» COLLECTED MATERIAL
┌──
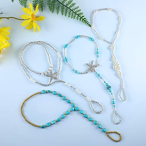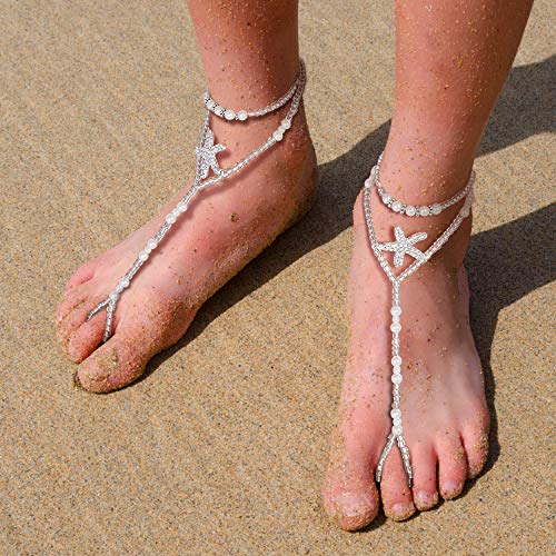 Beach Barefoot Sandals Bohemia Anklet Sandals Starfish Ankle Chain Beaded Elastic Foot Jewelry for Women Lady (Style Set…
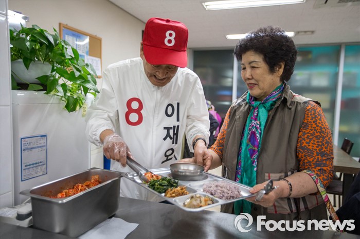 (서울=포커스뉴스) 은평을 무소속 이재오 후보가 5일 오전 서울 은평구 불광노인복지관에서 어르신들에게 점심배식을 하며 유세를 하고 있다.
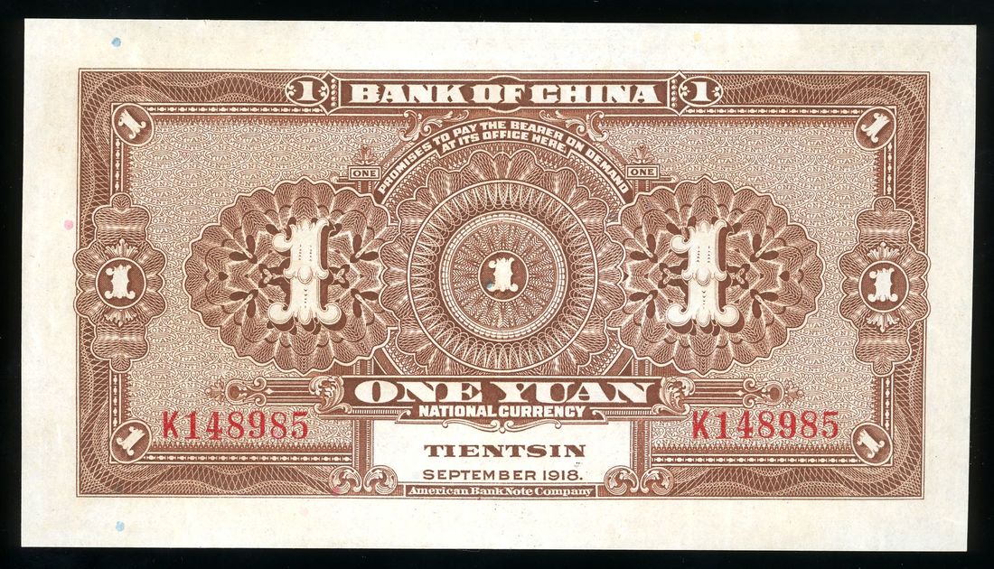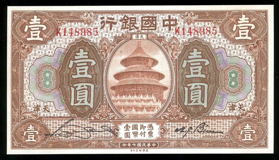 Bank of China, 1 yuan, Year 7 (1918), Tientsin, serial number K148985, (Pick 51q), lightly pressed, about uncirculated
└──
» PROBLEM DESCRIPTION
Starting at the line with "(서울=포커스뉴스) 은평을 무소속", output each line through the final one of the listing above, and nothing else. Pictures are to be left out.

» THE ANSWER
 (서울=포커스뉴스) 은평을 무소속 이재오 후보가 5일 오전 서울 은평구 불광노인복지관에서 어르신들에게 점심배식을 하며 유세를 하고 있다.
 Bank of China, 1 yuan, Year 7 (1918), Tientsin, serial number K148985, (Pick 51q), lightly pressed, about uncirculated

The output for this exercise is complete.